Time not ripe to include university employees in bonus scheme: Madras high court
Justice Anita Sumanth gave the ruling while allowing a petition filed by the management of Sathyabama University.
ChennaI: Pointing out that the management of educational institutions can claim exemption under section 32 (v) (b) of the Bonus Act, which exempts universities and other educational institutions from payment of bonus to its employees, the Madras high court has set aside an order of the Industrial Tribunal, which allowed the claim of drivers and technical personnel of buses run by Sathyabama University and directed the University to pay bonus to them.
Justice Anita Sumanth gave the ruling while allowing a petition filed by the management of Sathyabama University.
Originally, the Pudhiya Jananayaga Vagana Ottunargal Matturm Techniciangal Union comprising drivers and technical personnel filed a claim statement before the Industrial Tribunal that the members of the Union are entitled for bonus under the Payment of Bonus Act. The union said the management runs buses for the transportation of its students, teaching and non-teaching staff to the University and collects substantial transportation fee from the students as well as the employees using the facility. As such it is entitled to share the profits from such transport fee, the Union added. Resisting the claim, the management contended that the Bonus Act would not apply in the light of the exemption provided under section 32 (v) (b) of the Act. The Tribunal came to the conclusion that the Institution was not just profitable, but was indulging in profiteering and thus would not be entitled to the exemption and directed the management to pay bonus. Aggrieved, the management filed the present petition.
Pointing out sub-clause (b) (universities and other educational institutions) and (c) (institutions (including hospitals, chambers of commerce and social welfare institutions) established not for purpose of profit), of clause (v) of section 35 of Bonus Act, the judge said the petitioner’s case all along has been in terms of clause (v) (b) of section 35. Thus, there was really no reason to consider the provisions of sub-clause (c) at all that uses the phrase ‘not for profit’ except that the Union seeks to interpolate that phrase into the previous sub-clause as well, the judge added.

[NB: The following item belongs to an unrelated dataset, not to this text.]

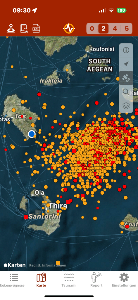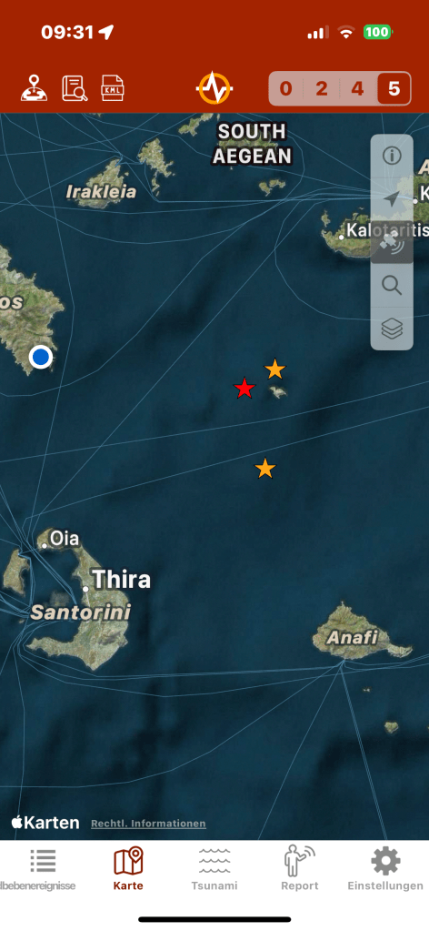 Samstag konnten wir das neue Auto holen und Sonntag ging es dann schon los, eine Woche zu spät, aber gerade noch rechtzeitig. Wie immer über Bari nach Igoumenitsa weiter nach Athen und dann nach Ios, unserer absoluten Trauminsel mitten in den Kykladen und gerade aktuell besonders im Gespräch wegen den Erdkrustenverschiebungen und dadurch verbundenen Erbeben auf der Nachbarinsel Santorin. Aber nicht nur dort, sondern auf der ganzen Welt rumort es aktuell zweigt die Erdbeben App…

The judge said the petitioner nowhere admitted that it derives a profit from the services of transportation. Though, Senior Counsel S.Ravindran, appearing for the management fairly states that the costs for the provision of such infrastructure will be collected by the petitioner by way of consolidate payments imposed upon the students and faculty, there was nothing to support the conclusion of the Tribunal that the petitioner was engaged in ‘profiteering’, the judge added.
The judge said, “The union has been seeking the copies of financials of the institution to establish its case. The same have not been produced by the Institution till date. However, no adverse inference can, in my view, be drawn from this fact, as the relevant provision, that is, section 35 (v) (b) does not refer to ‘profitability’ as a factor to be taken into consideration at all”.
The judge said, “One walks a fine line while appreciating submissions in relation to changing times, evolving circumstances and stark realities on the one hand and the rigour of a statute that binds one in decision making, on the other. No doubt, there are those times that present an opportunity to legislate judicially and make an imprint on the changing sands of time and circumstances, and one must, if such an opportunity presents itself, avail the same, albeit cautiously and in appropriate measure. But this is not one such occasion”.